In the latest Versace installment last Saturday — which followed one last December where Mick Jagger appeared as Karl Lagerfeld — Ian McKellen played Yves Saint Laurent and told Versace, among other things that “she smells like diesel fuel.” Rudolph flashes her underwear and asks him, “What does an old queen do when he retires?”
So has Donatella responded? “We just heard the other day that she wants to be in the next sketch, which is very exciting. Tell her to come on down. We’re dying to have her.”
TALK BY THE POUND: Those wondering what the March issue of Talk looked like can wonder no more. Holly Millea’s cover story on Courtney Love has been picked up by Entertainment Weekly (where it will appear next week) and British style bible The Face, which turned it into its April cover. But there’s one thing readers won’t see: a stunning portrait of Love with daughter Frances Bean shot by Jean Baptiste Mondino. Love wouldn’t allow the shot to be published.
The Love article is not the only indication that Talk finally had, to quote its former editor’s favorite word, buzz.

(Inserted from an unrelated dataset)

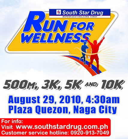 A fun run dedicated for your wellness, South Star Drug is bringing us Run For Wellness 2010, happening on August 29, 2010 at Plaza Quezon, Naga City.

Last week’s Audit Bureau figures showed the magazine’s readership was up a healthy 22 percent in subscriptions and 5.7 percent in newsstand sales in the last six months, just prior to Hearst publisher Cathie Black’s showing up at Talk’s offices in late January in a perky ponyskin jacket and announcing to the magazine’s 80-odd staffers that they’d be joining the unemployment line.
The numbers bode well for Talk’s former editorial director Maer Roshan, who is in talks with David Pecker of American Media about helming his own magazine. Roshan isn’t talking, but at a Media Bistro event for gay editors at mainstream magazines last week a slew of his former staffers, some of whom are rumored to be working with Roshan on his magazine, showed up to hear their old boss, including Andrew Lee and Laura Brown (no relation to Tina.) No word on design director Rina Migliaccio’s whereabouts. Perhaps she was home working on the mock-up.
BLYTH’S NEW ROLE: Myrna Blyth, who has served as editor in chief of Ladies’ Home Journal for more than 20 years, as well as editor in chief of More, has been named editorial director of Meredith Corp.’s New York-based magazines and new product development.
In her new role, Blyth will oversee editorial for LHJ and More magazines, as well as new products, among them Living Room, a lifestyle magazine for a younger demographic.
Succeeding Blyth as editor in chief of More is current editor Susan Crandall. She has been with More since its August 1998 launch and, before that, served as executive editor of LHJ. A search for a new editor in chief for LHJ is under way.